Python License PyPI Coverage Tests Blacksmith CI

Synth-AI — Serverless Posttraining for Agents.
Docs: Get Started →


🚀 Install latest version (0.2.25.dev1)

pip install synth-ai
# or
uv add synth-ai

Import:

import synth_ai

CLI (with uvx):

uvx synth-ai setup
uvx synth-ai demo
uvx synth-ai deploy
uvx synth-ai run
uvx synth-ai baseline  # For coding agents: get baseline scores

Full quickstart: https://docs.usesynth.ai/sdk/get-started


When you run uvx synth-ai setup, the SDK opens your browser to the Synth dashboard for a one‑time pairing (handshake) with your signed‑in session. The SDK will automatically:

Fast and effective serverless posttraining for agents, via an API.
Easily scale GPU topologies, train multi-node, and integrate with existing agent software.

Highlights

  • Scale GPU topologies (A10Gs, H100s, multi-node available on request)
  • Thin FastAPI wrapper integration
  • Supports OSS models like Qwen3 (GPT-OSS GA soon)
  • Own your trained models

🧭 Examples & Cookbooks

The old examples/ directory now lives in the Synth Cookbooks repo.


⚙️ Getting Started

Synth-AI ships with a built-in RL example: training Qwen3-0.6B on math reasoning.

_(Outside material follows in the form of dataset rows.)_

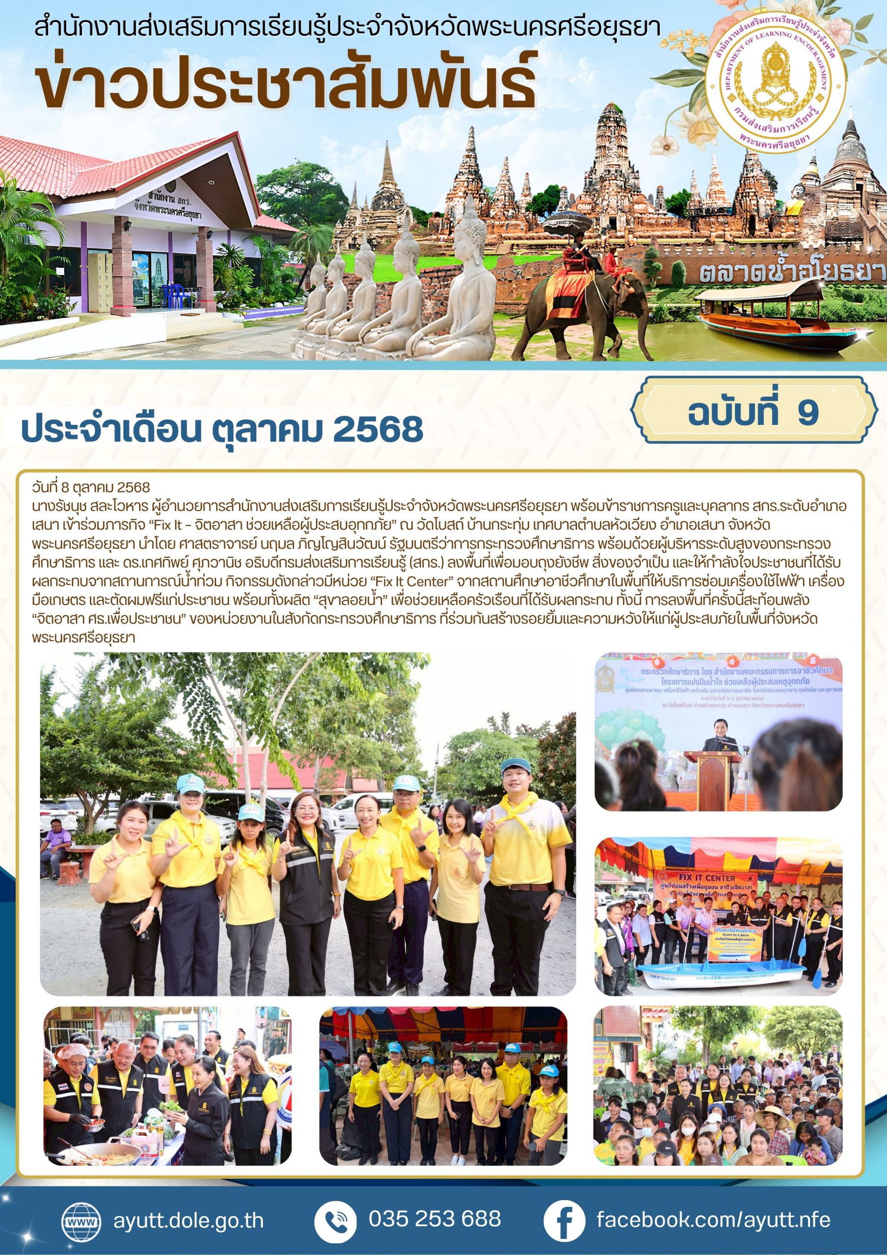 ทั้งนี้ การลงพื้นที่ครั้งนี้สะท้อนพลัง “จิตอาสา ศธ.เพื่อประชาชน” ของหน่วยงานในสังกัดกระทรวงศึกษาธิการ ที่ร่วมกันสร้างรอยยิ้มและความหวังให้แก่ผู้ประสบภัยในพื้นที่จังหวัดพระนครศรีอยุธยา
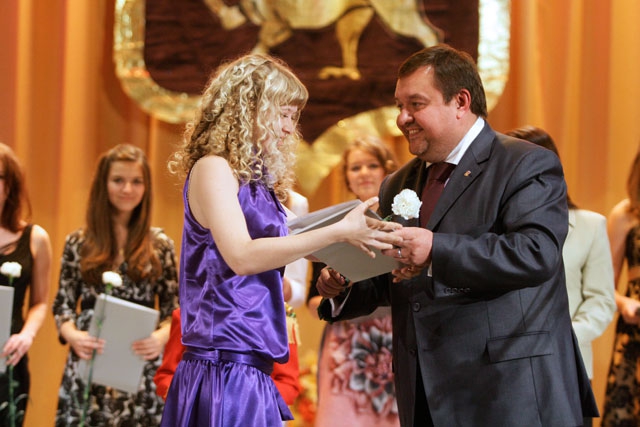 Золотые медали выпускникам вручал Глава города Иван Цецерский. С приветственным словом к выпускникам обратился заместитель Главы Администрации города Пскова Александр Вологжанин: «Дорогие выпускники, родители, вы для нас злато и серебро нашего города. Сегодня много говорится о развитии нашей страны, о стратегии - 2020. Но самое главное, чтобы вы понимали, что стратегия 2020 - это вы». Александр Вологжанин также подчеркнул, что выпускников ждет большая и насыщенная интересными событиями жизнь.
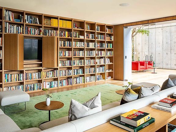 Elegant interior lounge with 92' ceilings, library, and wet bar
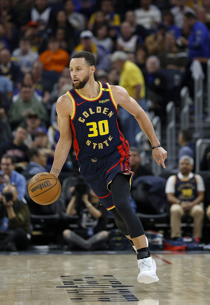 斯蒂芬·库里(Stephen Curry)以其历史级的三分投射能力,彻底改变了篮球运动对得分效率的认知。根据NBA官方数据,库里职业生涯三分命中率超过42.7%(截至2023-24赛季),并保持着单赛季402记三分的历史纪录(2015-16赛季)。与传统射手依赖定点投篮不同,库里通过运球后急停三分、超远距离出手(通常超过9米)以及无球跑动接球投篮的结合,将三分威胁扩展到全场范围。他开发了"零空间投篮"(即在极短出手时间内无视防守干扰)的技术,迫使对手防守范围外扩至中线附近,这一突破直接动摇了"离篮筐越近得分越高效"的传统篮球理念。
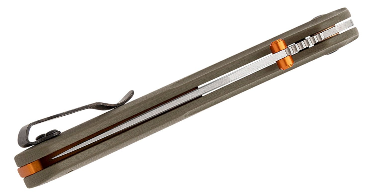 Handle: OD Green G-10 with orange anodized aluminum barrel spacers
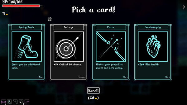 Drawn into your PC by an antivirus, control a multi barrel tank in this Action Roguelike, 2D Shooter. Defeat motherboard viruses to unlock new zones. The 'UPGRADE MACHINE' grants enhancements every 1-10 seconds. Use points to add upgrades in this Arcade, Top-Down Adventure.
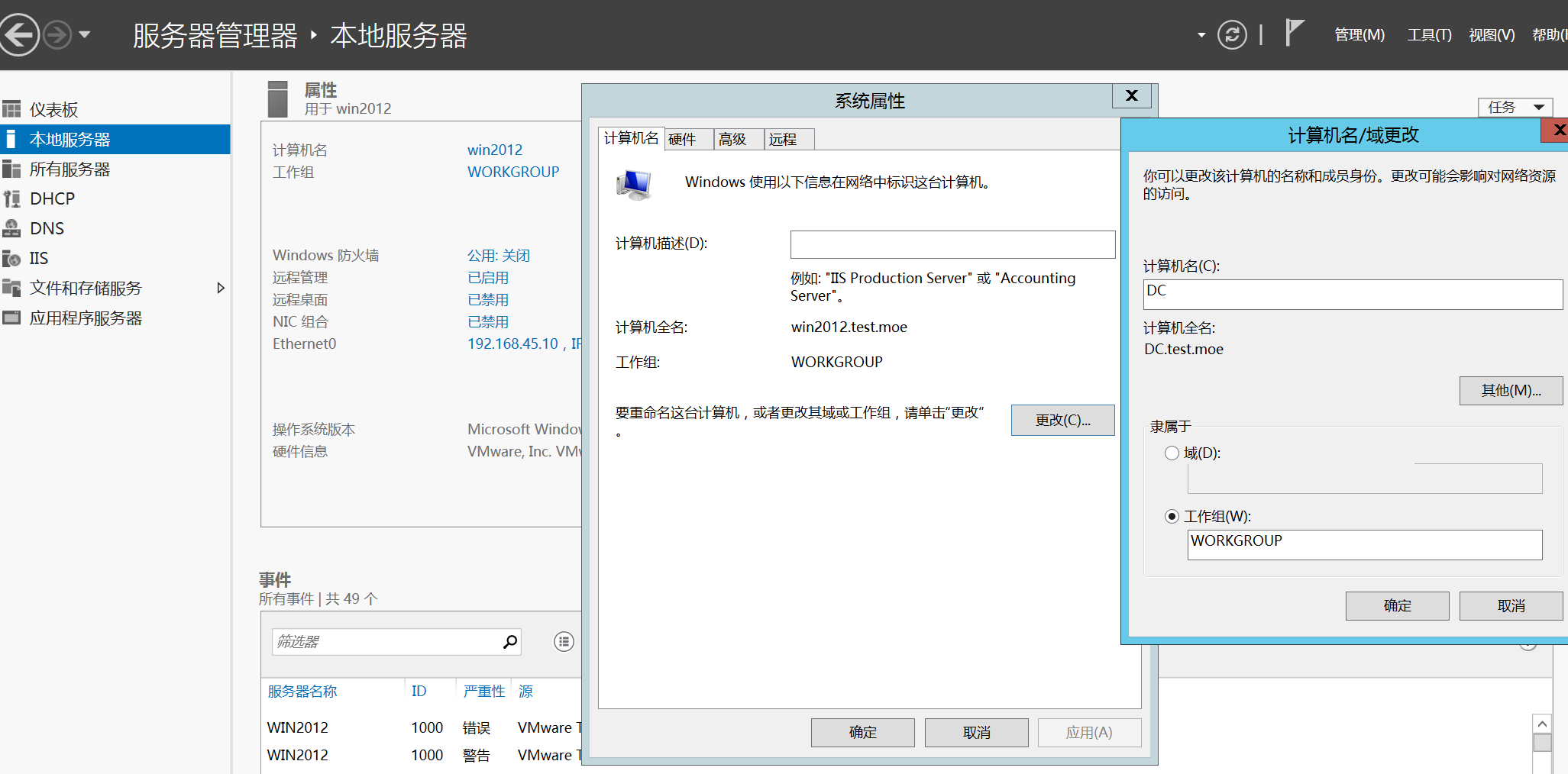 在服务器管理器中修改主机名为 DC,并重新启动服务器
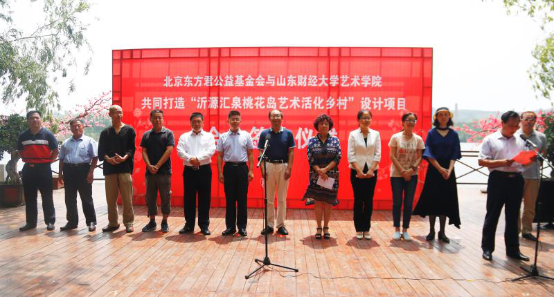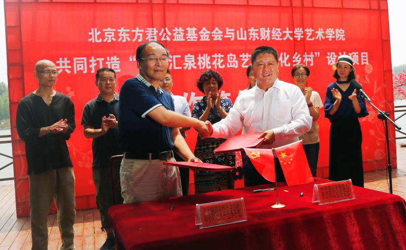 6月26日上午,北京东方君公益基金会与山东财经大学艺术学院共同打造“沂源汇泉桃花岛艺术活化乡村”设计项目合作签约仪式在淄博市沂源县龙子峪桃花岛举行。山东省政协常委、东方君公益基金会会长董方军、沂源县副县长张莹莹、学校校友会办公室主任耿金波、艺术学院院长范正红教授、学院党委书记杨春丽出席签约仪式。范正红和董方军代表双方签署了合作协议。艺术学院师生代表参加了此次活动。
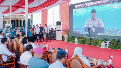 IST/mediamasanews.com SAPA: Presiden Prabowo Subianto menyapa Gubernur Sumatera Utara Bobby Afif Nasution saat peresmian secara…
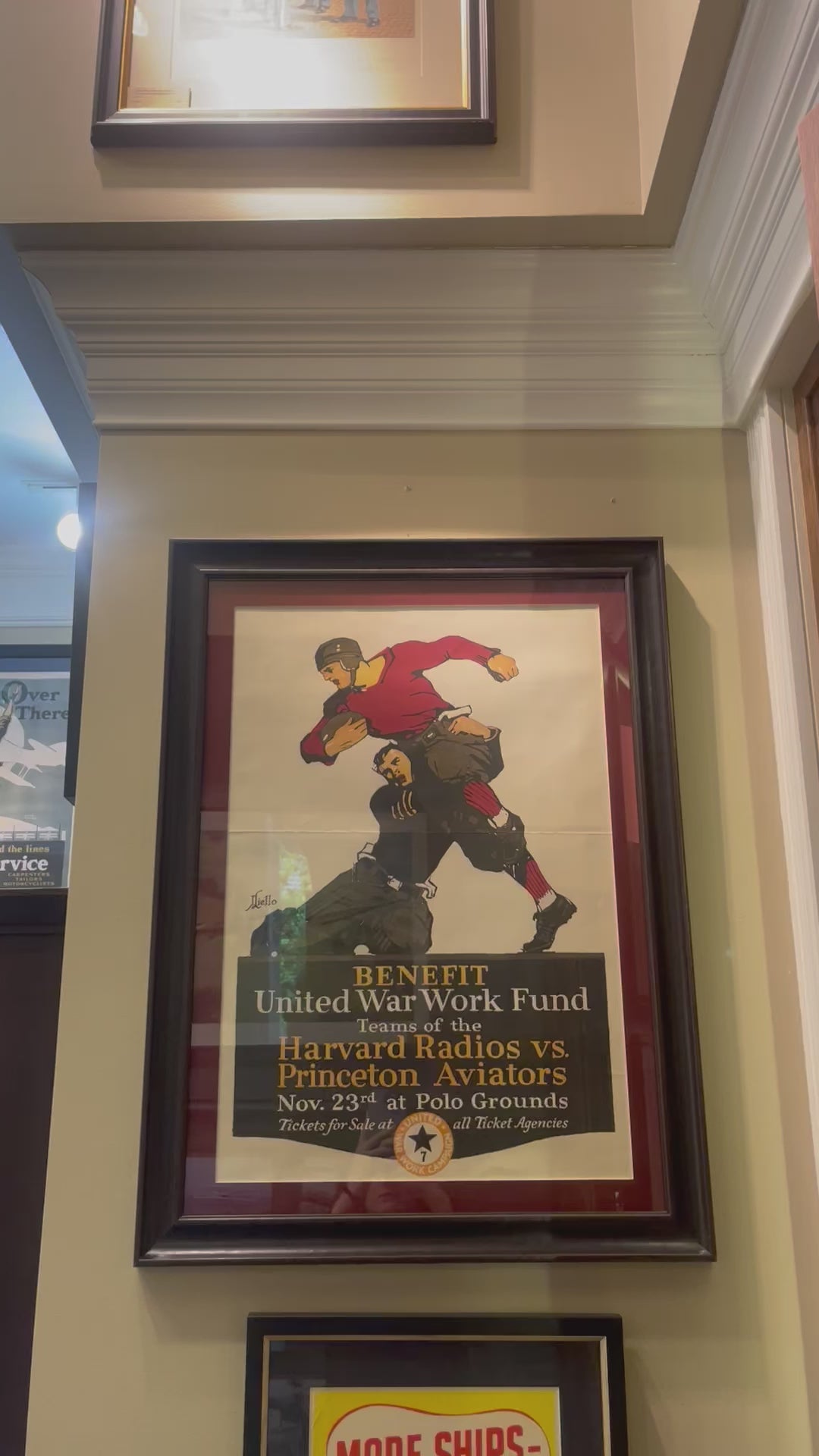 This is a very scarce WWI Work Relief Fund poster featuring the Harvard Radios competing against the Princeton Aviators. The game, held on November 23, 1918, was a benefit football game to raise money for the war effort.
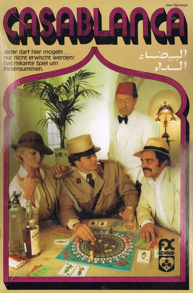 Casablanca is a classic board game released in 1977 by F.X. Schmid. It is a bluffing game designed for 2-4 players with a playtime of around 30 minutes. The game revolves around betting and bluffing, as well as set collection mechanics.

  1. Create accounts at Synth and Modal

  2. Then run:

    uvx synth-ai demo
    uvx synth-ai setup
    uvx synth-ai deploy
    uvx synth-ai run
    
  3. To walk through your first RL run, see
    👉 Synth-AI SDK Docs


🤖 For Coding Agents: Get Started with Baselines

Baselines are the fastest way for coding agents to evaluate changes and measure improvement on Synth tasks.

Why Use Baselines?

Baselines provide a self-contained evaluation system that:

  • No infrastructure required — runs locally, no deployed task app needed
  • Quick feedback loop — get task-by-task results in seconds
  • Compare changes — establish a baseline score before making modifications
  • Auto-discoverable — finds baseline files automatically in your codebase

Quick Start for Coding Agents

# 1. List available baselines
uvx synth-ai baseline list

# 2. Run a quick 3-task baseline to get started
uvx synth-ai baseline banking77 --split train --seeds 0,1,2

# 3. Get your baseline score (full train split)
uvx synth-ai baseline banking77 --split train

# 4. Make your changes to the code...

# 5. Re-run to compare performance
uvx synth-ai baseline banking77 --split train --output results_after.json

Available Baselines

# Filter by task type
uvx synth-ai baseline list --tag rl          # RL tasks
uvx synth-ai baseline list --tag nlp         # NLP tasks
uvx synth-ai baseline list --tag vision      # Vision tasks

# Run specific baselines
uvx synth-ai baseline warming_up_to_rl       # Crafter survival game
uvx synth-ai baseline pokemon_vl             # Pokemon Red (vision)
uvx synth-ai baseline gepa                   # Banking77 classification

Baseline Results

Each baseline run provides:

  • Task-by-task results — see exactly which seeds succeed/fail
  • Aggregate metrics — success rate, mean/std rewards, total tasks
  • Serializable output — save to JSON with --output results.json
  • Model comparison — test different models with --model

Example output:

============================================================
Baseline Evaluation: Banking77 Intent Classification
============================================================
Split(s): train
Tasks: 10
Success: 8/10
Execution time: 12.34s

Aggregate Metrics:
  mean_outcome_reward: 0.8000
  success_rate: 0.8000
  total_tasks: 10

Creating Custom Baselines

Coding agents can create new baseline files to test custom tasks:

# my_task_baseline.py
from synth_ai.baseline import BaselineConfig, BaselineTaskRunner, DataSplit, TaskResult

class MyTaskRunner(BaselineTaskRunner):
    async def run_task(self, seed: int) -> TaskResult:
        # Your task logic here
        return TaskResult(...)

my_baseline = BaselineConfig(
    baseline_id="my_task",
    name="My Custom Task",
    description="Evaluate my custom task",
    task_runner=MyTaskRunner,
    splits={
        "train": DataSplit(name="train", seeds=list(range(10))),
    },
)

Place this file in your project (for example under cookbooks/dev/baseline/) or name it *_baseline.py for auto-discovery. Official baseline examples now live in the Synth Cookbooks repo.


🔐 SDK → Dashboard Pairing

When you run uvx synth-ai setup (or legacy uvx synth-ai rl_demo setup):

  • The SDK opens your browser to the Synth dashboard to pair your SDK with your signed-in session.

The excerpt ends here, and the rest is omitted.